Tuesday, December 27, 2011

Not sure why I do this to myself

I have gotten myself into a situation. It began last spring, when for some unfathomable reason I volunteered to play a concerto with my chamber orchestra. Initially, the idea was to do something big. The Dvorak concerto was mentioned (not by me). The conductor asked me to send him some suggestions, which I did (and I was getting all excited about playing C. P. E. Bach -- I love those pieces though they are not traditionally showy; I also thought the orchestra would have a chance of sounding pretty good on one of them). Some time went by, and then I got an email asking if I could play Fauré's "Elegy."

As they say these days, meh. It's one of those stereotypical sad cello pieces that sounds like someone's funeral is either taking place or is imminent. It's also at the technical level of approximately junior high, but does not lie particularly well. It would take lots of work to get it to sound good, but it would never sound like I had put so much into it.
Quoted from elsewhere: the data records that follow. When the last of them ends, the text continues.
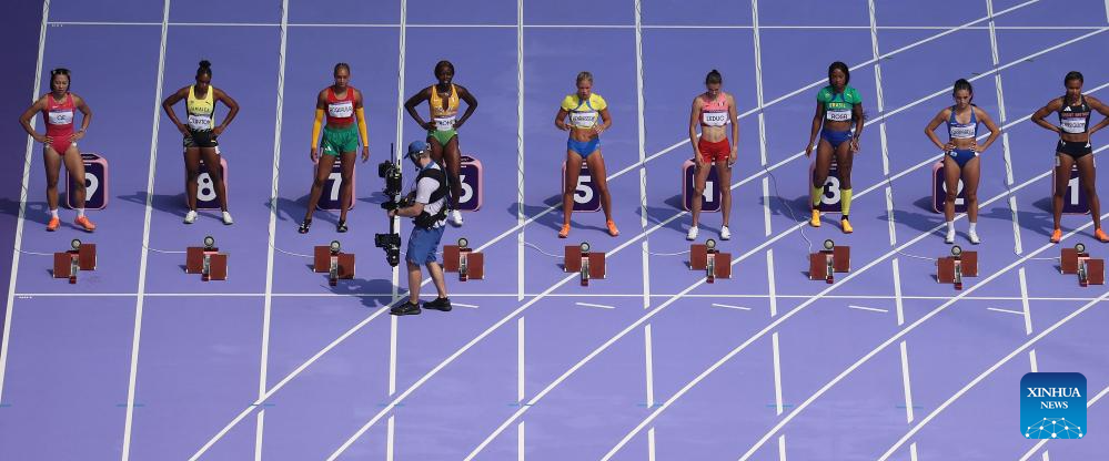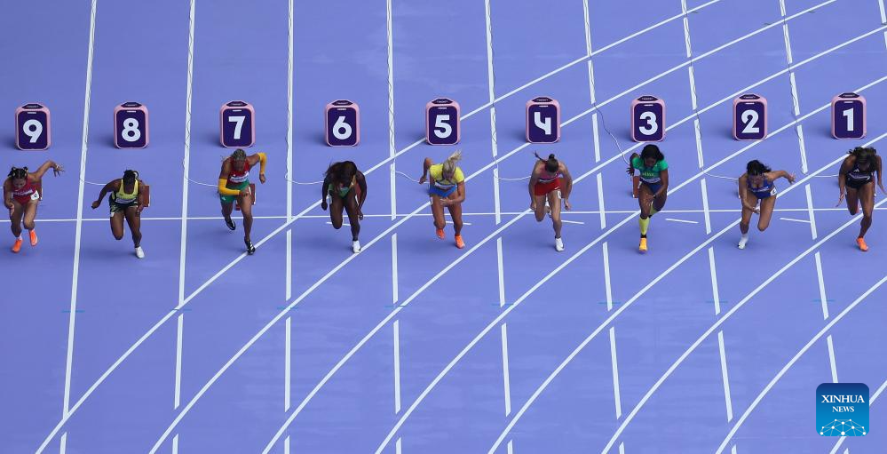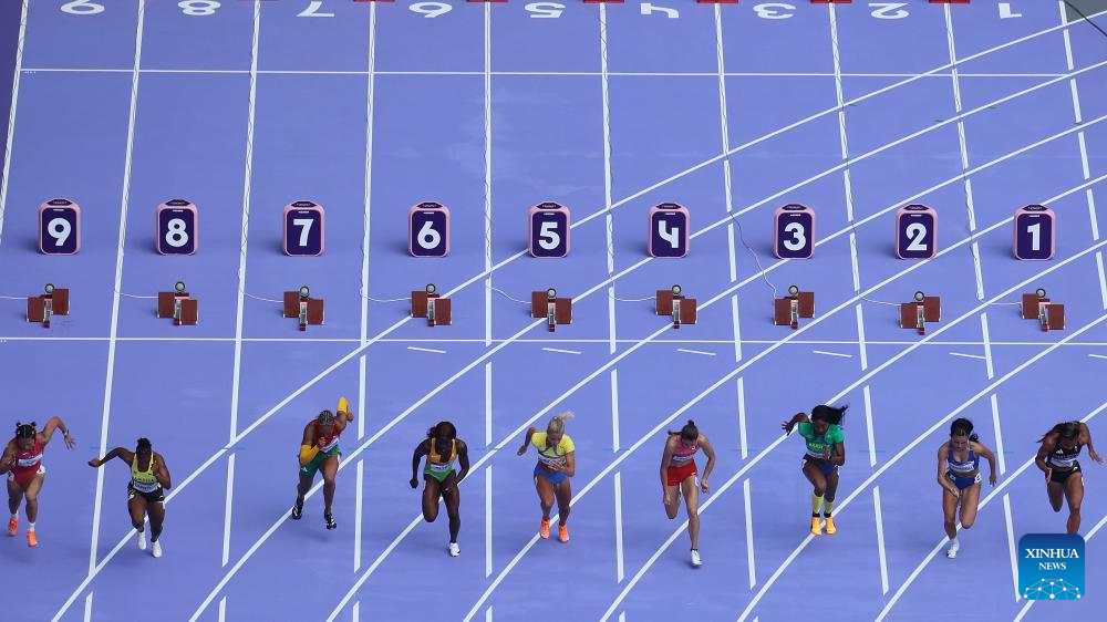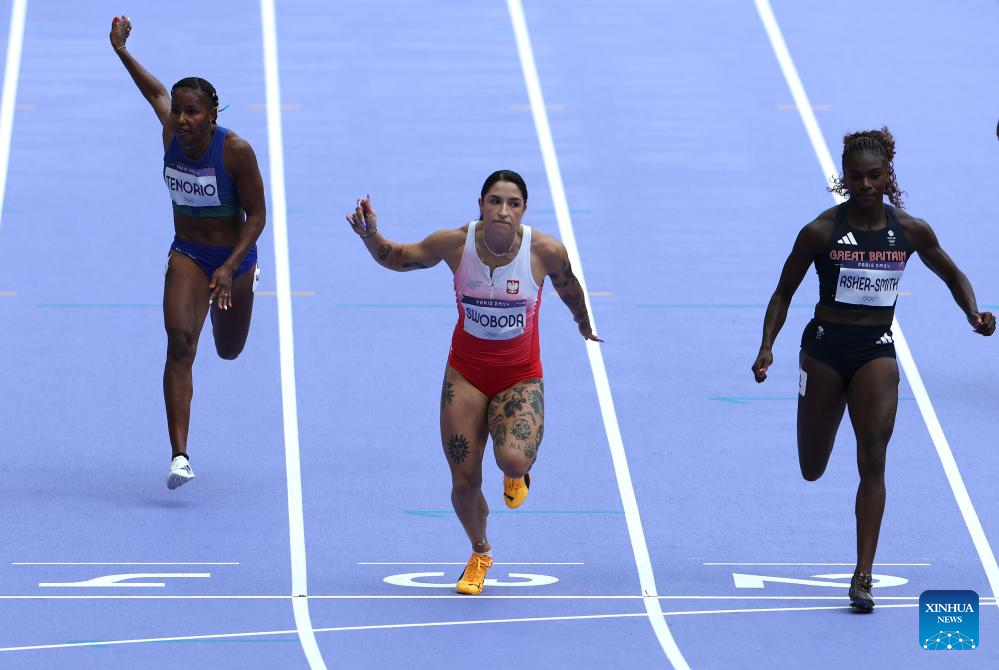 Ewa Swoboda (C) of Poland competes during the women's 100m round 1 of Athletics at the Paris 2024 Olympic Games in Paris, France, Aug. 2, 2024. (Xinhua/Li Jing)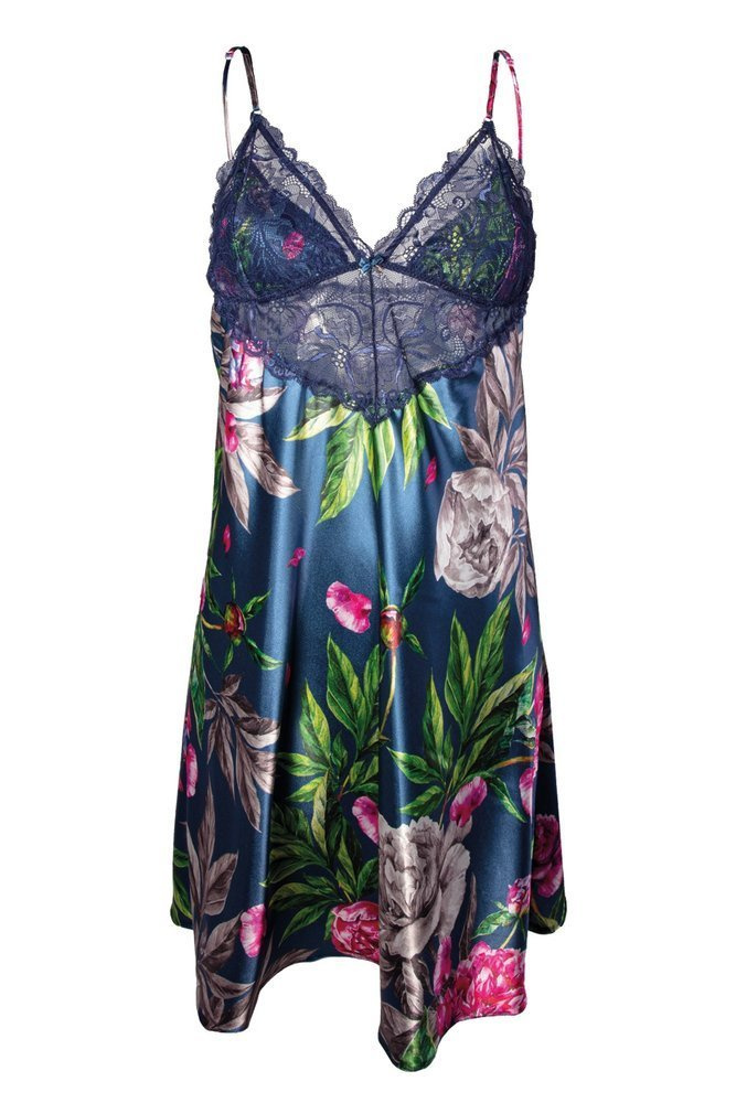 Zwiewny dotyk satyny utuli Cię do snu. Haleczka wykonana z drukowanej satyny natomiast góra koszulki wykończona efektowną koronką .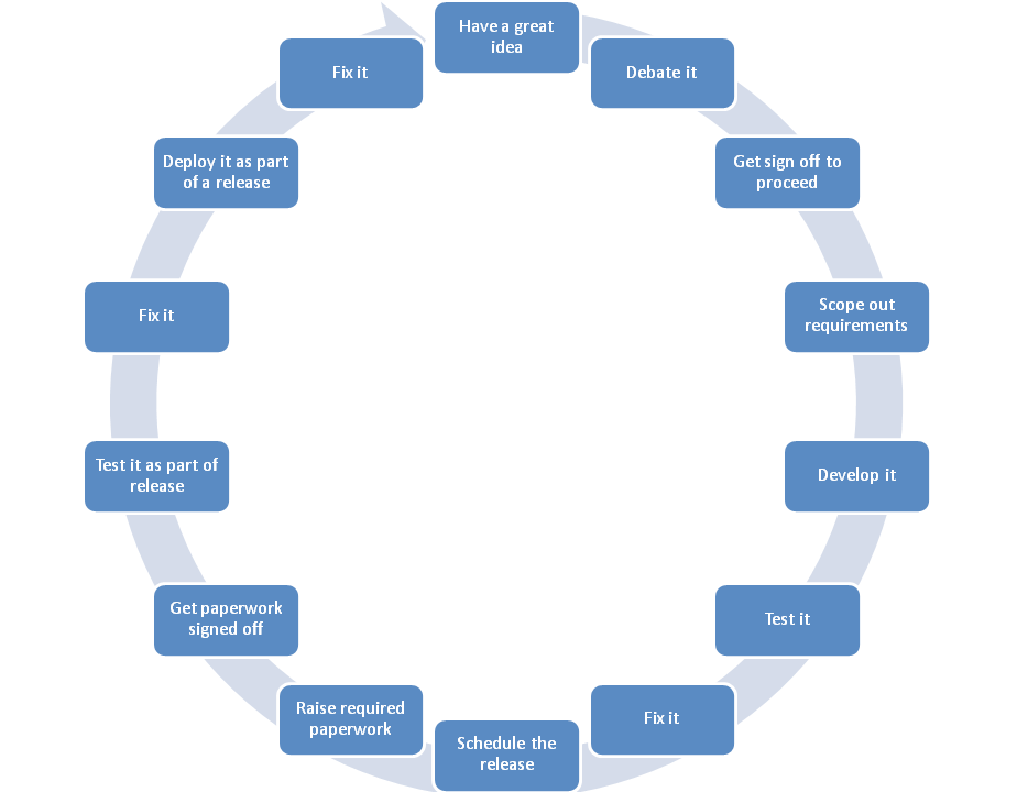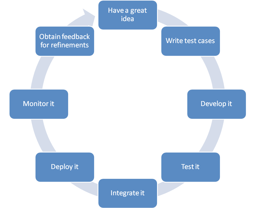 | Un código único en un entorno determinado (testing, staging, production u otros) | Un enorme paquete de cambios que se entregan a otra persona para resolver. |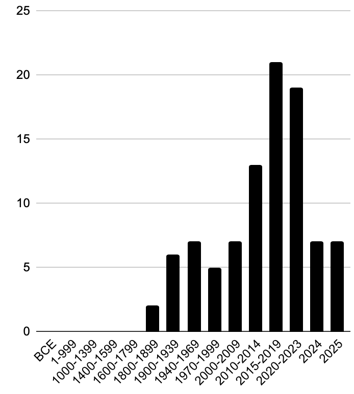 This was very hit and miss – sometimes I reached it easily, and sometimes not at all. In 2026 I’m going to keep a similar goal but slightly lower the requirement in the hopes of being able to more consistently hit it. - Read at least 1 short story or essay per week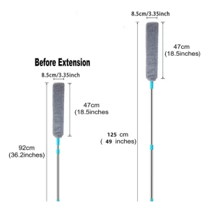 2. Adjustable Length: The extendable pole is your secret weapon. Customize its length to suit your cleaning needs. The short handle is perfect for floor and under-bed cleaning, while the long handle conquers dust and cobwebs in high places, from ceilings to air conditioning units and windows.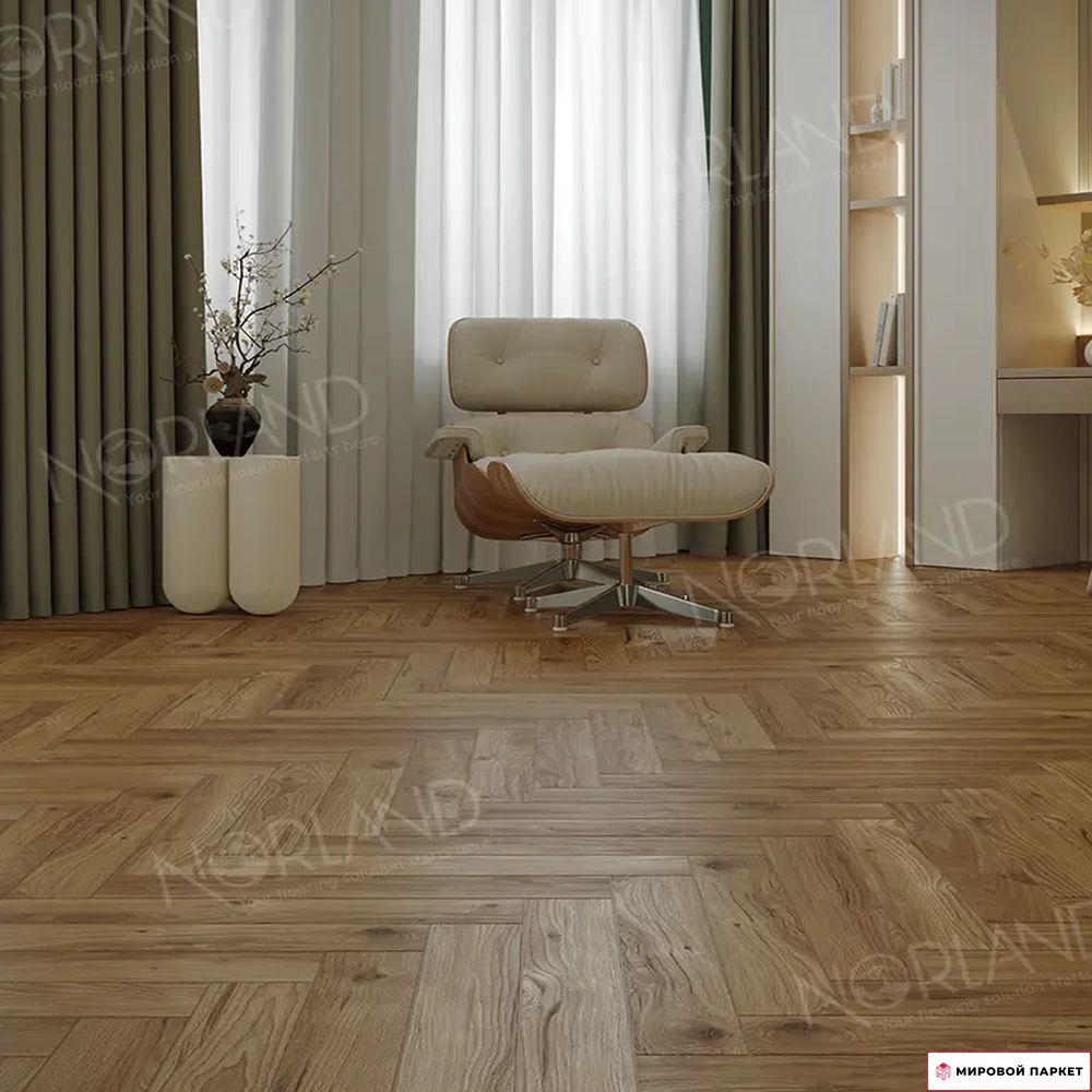Ламиат Norland Herringbone Elegant Дуб Корсика LF303-18 – это идеальное решение для тех, кто хочет создать в своем доме атмосферу уюта и элегантности с помощью красивого и практичного напольного покрытия.
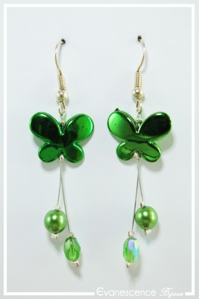 Le papillon en synthétique de couleur verte fait 17 mm de large et les autres perles sont de couleur verte. Les boucles d'oreilles mesurent environ 5,5 cm de long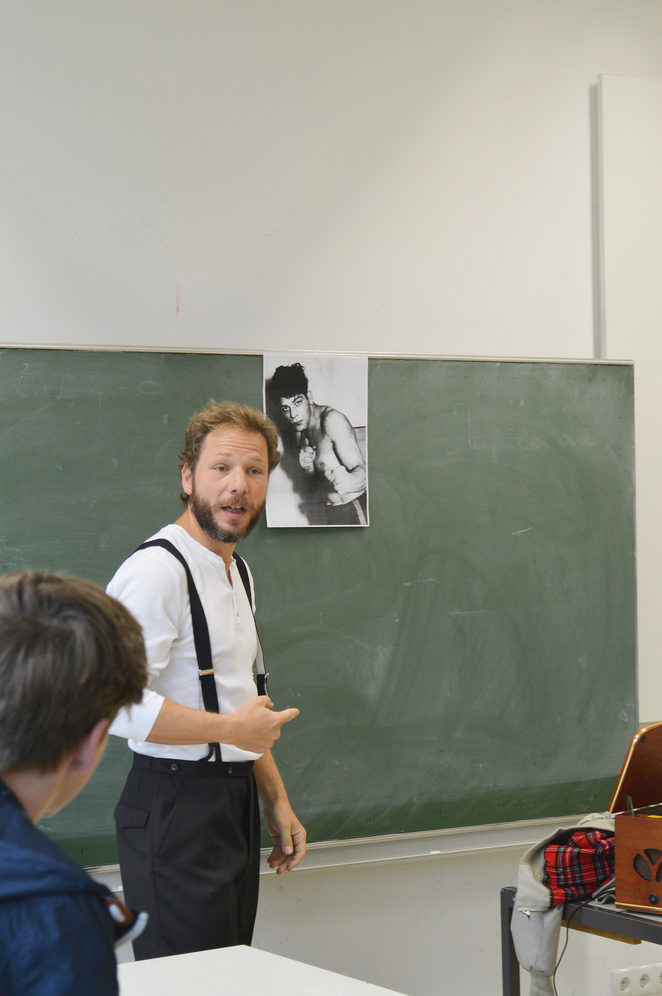 „Die Erinnerung hat mich. Sie ist in mir.“ Mehr noch, sie quält Hans. Die bedrückende Erinnerung an seinen Freund Ruki. Dabei sind doch auch schöne Momente dabei – wie sie sich kennenlernten, wie sich ihnen im Boxclub eine neue, aufregende Welt eröffnete. Wie sie für kurze Zeit glaubten, die Stadt gehöre ihnen, und Hoffnung in der Luft lag. Dass Ruki der bessere Boxer war, hat Hans nicht gestört. Gemeinsam feierten sie Rukis erste Erfolge, der „Zigeuner-Boxer“ und der blonde Hans. Zur großen Karriere kam es aber nicht, weil der Nationalsozialismus im Vormarsch war und mit den Mechanismen, die der NS-Apparat in Gang setzte, wurde auch Hans’ Freundschaft auf eine Bewährungsprobe gestellt. Die Vorlage für ihr bewegendes Klassenzimmerstück fand Reiniger in der Biografie des jungen Sinto Johann „Rukeli“ Trollmann, der 1944 im KZ ermordet wurde.

I dreaded spending the better part of a year working on it. At first I thought, okay, not my favorite, but I'll be a pro, learn the piece, play it really well, et cetera. The only problem was that every time I sat down to work on it, it made me depressed.

So I approached the conductor at a rehearsal this fall and asked if he would be okay with another piece of the same length. The upshot was that he agreed to change from the "Elegy" to Tchaikovsky's "Pezzo Capriccioso." And now I must make sure that I am in shape to play all those spiccato 32nd notes and jump around in thumb position by this coming June.

My experience of these things is that it is not enough to practice only the piece; I need to work on other things that include the same technical challenges but are more difficult. So my plan of attack, at least to start, is Popper (Etude No. 6, and maybe some others) for bowing; Bach Prelude No. 6 for thumb position and intonation; and scales and arpeggios. We'll see how it goes.

Here is a video of "Pezzo" that I liked when I came across it on YouTube. Very clean and expressive.

Friday, December 16, 2011

"You and the Piano": A lesson with Seymour Bernstein

This was posted today on a forum I read:

A friend received this email from his old piano teacher, Seymour Bernstein an author (With Your Own Two Hands) and concert pianist living in NYC, aged 85 now and still going strong.

"Here it is, my video made in 1986 entitled YOU AND THE PIANO. , I believe that this video is one of the important accomplishments of my professional life. Having had a lot of distance from the time it was made, I now consider it to be a powerful educational tool for all pianists of any age and level of accomplishment; and even for other instrumentalists who often ponder what to tell their pianists concerning balance of sound.
Now I need your help. I want to establish a partnership with YouTube. But they won’t consider it unless there is measurable activity for my videos. A hit occurs when someone clicks onto the video file. So please, send these files to your friends. They need only open them up and that constitutes a hit.
Thanks so much for your help, and my warmest wishes to you.
Seymour "

I Thought you may be interested in his techniques etc.





These are wonderful videos. If you are at all interested in piano technique, please check them out. I have been meaning to get a hold of Mr. Bernstein's famous book mentioned in the note above, With Your Own Two Hands, and now I will really try to do so.